# Q:- List 5 things you would have had in your suitcase if you did it all over again!!



## vennerfr (Nov 13, 2010)

Hello there!

completely new to this site, i've looked over it alot but only just joined so...HELLO!

I've just got a job working for MBM with another guy from the uk, and aswell as a whole heap of questions i might have(and still need answering lol) 

Tell me your top 5 "if only you'd have known" things you would have took with you in your suitcase on the big move over to the UAE...

Also, i'm quite lucky i have a family member over there already, BUT shes only been there for a couple of years and i recon you lot have huge amounts of advice, so treat me as a huge sponge! hehehe,

Heading over on the 24th of this month so the packing has began! :clap2:

thanks in advance

vennerfr


----------



## funkyant (Mar 27, 2010)

I've honestly discovered that you can find just about anything here if you have a good look.

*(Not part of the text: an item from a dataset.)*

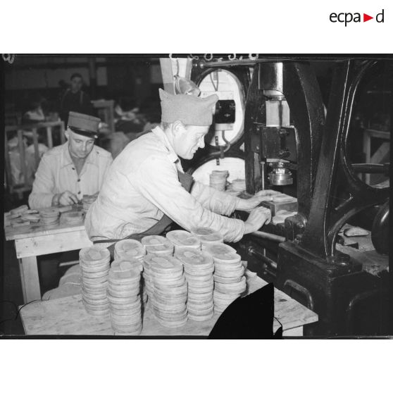 Des ouvrières découpent des lacets de cuir dans des ronds de cuir grâce à une machine.
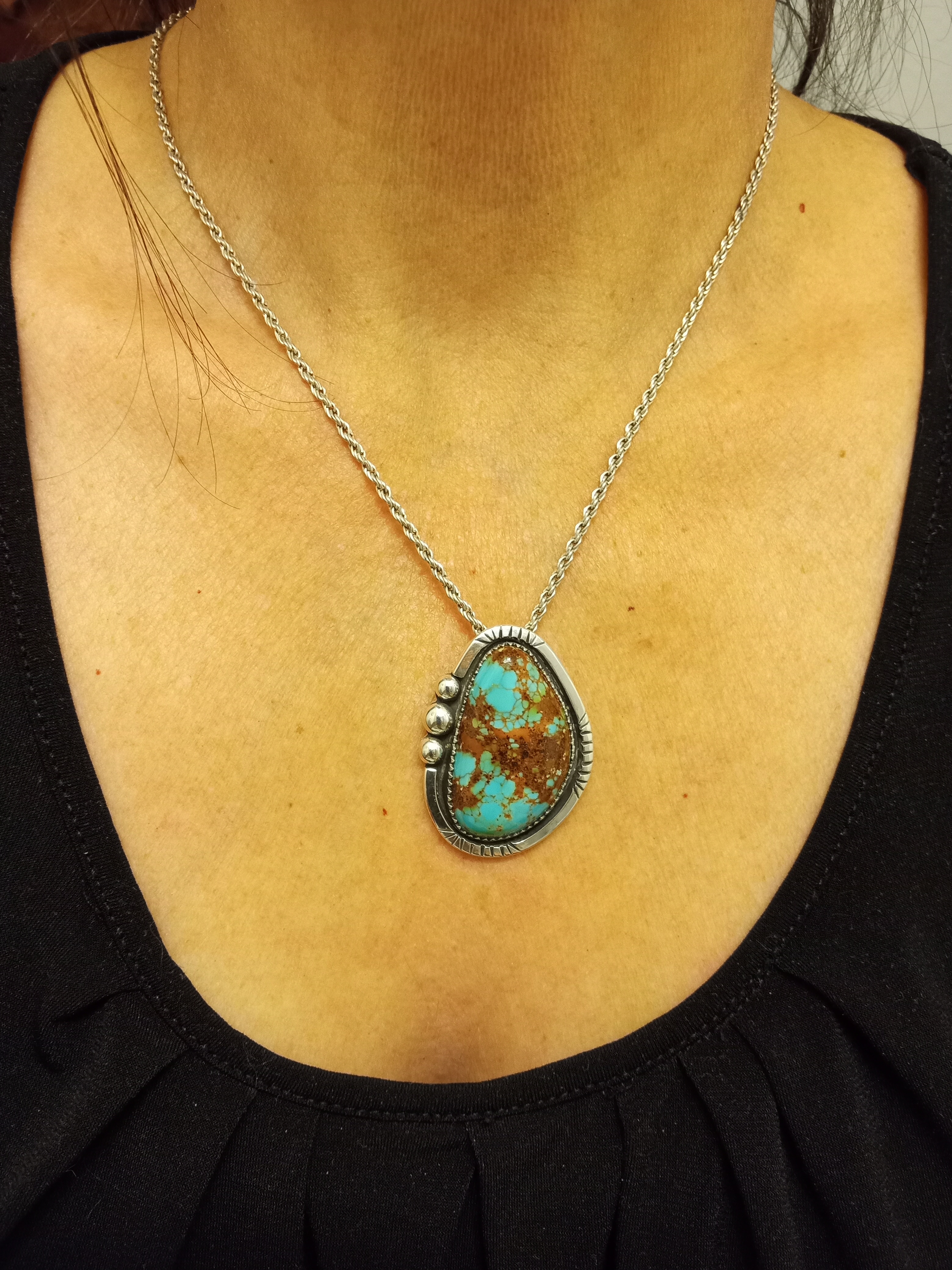 Years ago, a woman from Zuni Pueblo taught me silversmithing. When I get inspired, I make my own jewelry. Here are some pieces I made recently. I purchased the stones at a local gem show here in New Mexico.

So far there is nothing that I'm really kicking myself for not bringing, except maybe more clothes. For me, Men's clothing that I actually like is the only hard thing to source.


----------



## Maz25 (Jul 6, 2008)

McCoy Crisps
Kettle Crisps (not the American version cause they taste different!) - I've seen Kettle Crisps here but they taste funny!

On a more serious note, you can find most things here or a suitable replacement.


----------



## jander13 (Mar 12, 2009)

sharp pointed object to kill myself in a familiar way


----------



## vennerfr (Nov 13, 2010)

jander13 said:


> sharp pointed object to kill myself in a familiar way


lol, in that case i wont stress.... can i bring my xbox over from the uk? only just bought the thing lol! and also does xboxlive work well??


----------



## jander13 (Mar 12, 2009)

> lol, in that case i wont stress.... can i bring my xbox over from the uk? only just bought the thing lol! and also does xboxlive work well??


yeah you can bring it over no problem. I do not own an xbox in the U.A.E but theoretically xbox live should work without any problems.


----------